Con i suoi 88 anni, e diversi acciacchi sopportati serenamente, è la monaca più anziana del monastero, e una delle poche ospiti. Oltre a madre Okuba, eritrea, c’è un’altra anziana clarissa, suor Teresina, e altre tre eritree, arrivate per un ricambio generazionale nell’antico convento. Che era stato chiuso nel 2014 per mancanza di vocazioni, con le monache rimaste trasferite a Cagliari. Due anni dopo, madre Maria Arcangela è ritornata nella cella dove ha vissuto per tre decenni. «A Sassari ci sono dal 1979 e qui al convento venivo quando ancora giovanissima ho capito che sarei stata sposa di Gesù. Mi piaceva parlare con le monache alla ruota, mi sentivo a casa.
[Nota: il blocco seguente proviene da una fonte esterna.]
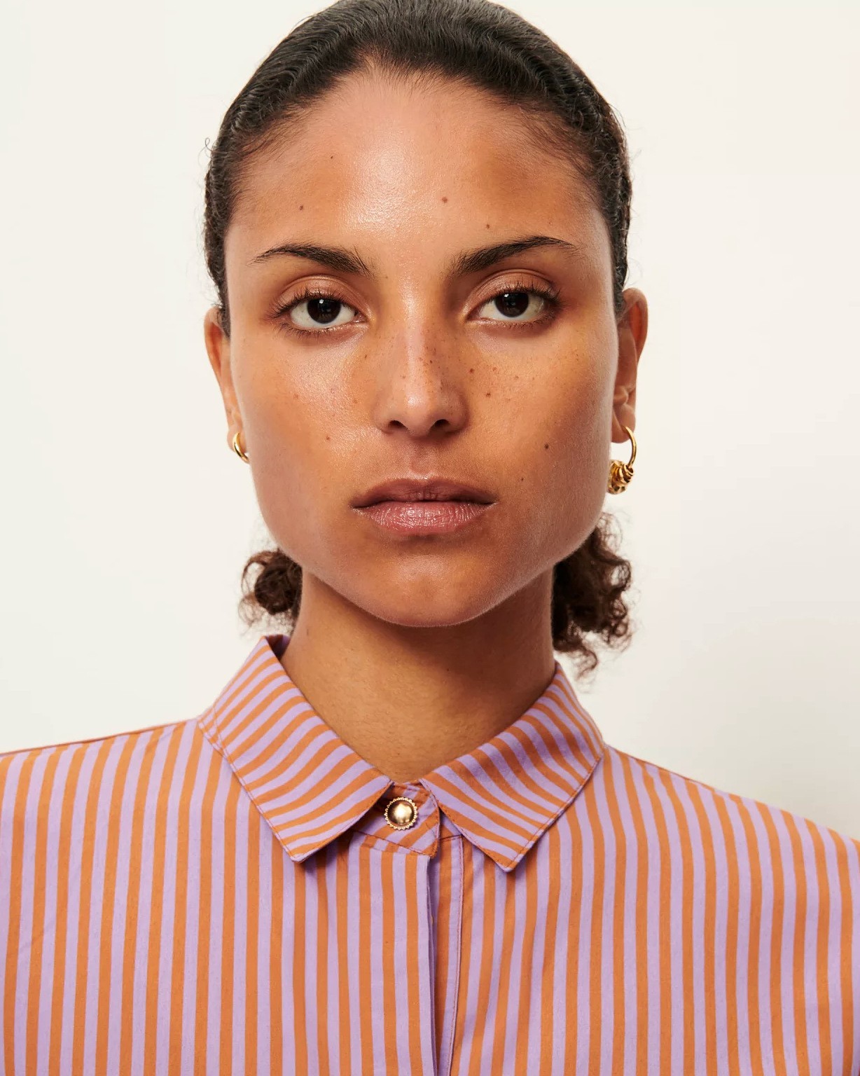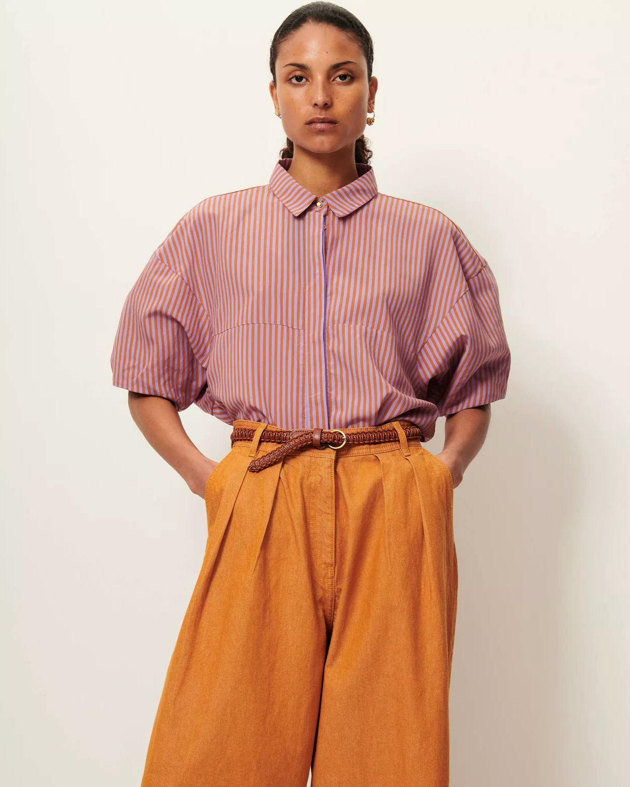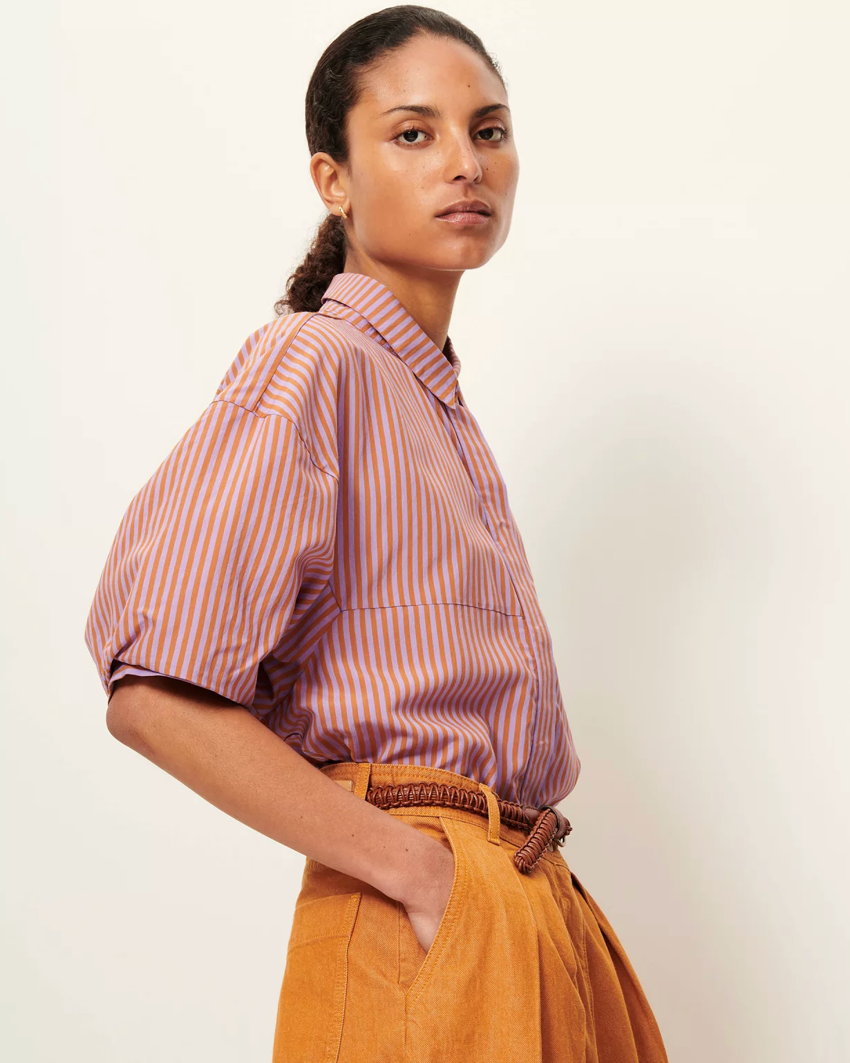Blouse with short balloon sleeves in a compact poplin with two-tone yarn-dyed stripes, woven in Italy, exclusive to Sessùn.

Mia madre non era proprio convinta della mia scelta, mio padre addirittura non ne voleva sapere». Prima di prendere i voti Rita Deruda era un’attivista dell’Azione cattolica, protagonista anche allora di un impegno sociale e religioso.

Ne ha da raccontare suor Maria Arcangela. «Sessanta anni fa c’era molta povertà, e non solo a Sassari. Ricordo che nel convento di Città di Castello la madre superiora recuperava i fondi di caffè per farne una bevanda. E che qui, avendo poi le clarisse sempre vissuto di carità, ci accontentavamo di mangiare frutta di scarto. Non ci siamo mai lamentate, però, perché la generosità da parte della città c’è sempre stata, e a noi non serve molto. Quanti benefattori ci sono stati vicini. Ma anche quanti poveri sono venuti a chiederci conforto e preghiere. Come avviene ancora adesso. Anche se io vedo il mondo molto cambiato, con una crisi di valori». Perciò ai giovani la religiosa dà un semplice consiglio: «Scegliete la strada giusta nel segno dell’amore, siate fedeli come lo è Cristo».

Le giornate di suor Maria Arcangela sono sempre state scandite dalle ore di preghiera e dal lavoro. La sua salute non le permette di essere impegnata come un tempo, quando era una ricamatrice di eccellenza e un suo centrino è volato addirittura negli Stati Uniti, come ringraziamento a un generoso donatore. «Però fino ad ottant’anni ho preso l’ago in mano, facevo gugliate più piccole», racconta. Legge Libertà e Avvenire, approfondisce temi storici, ed è ferratissima sulla storia del suo convento. E guardandola si capisce come si può essere felici.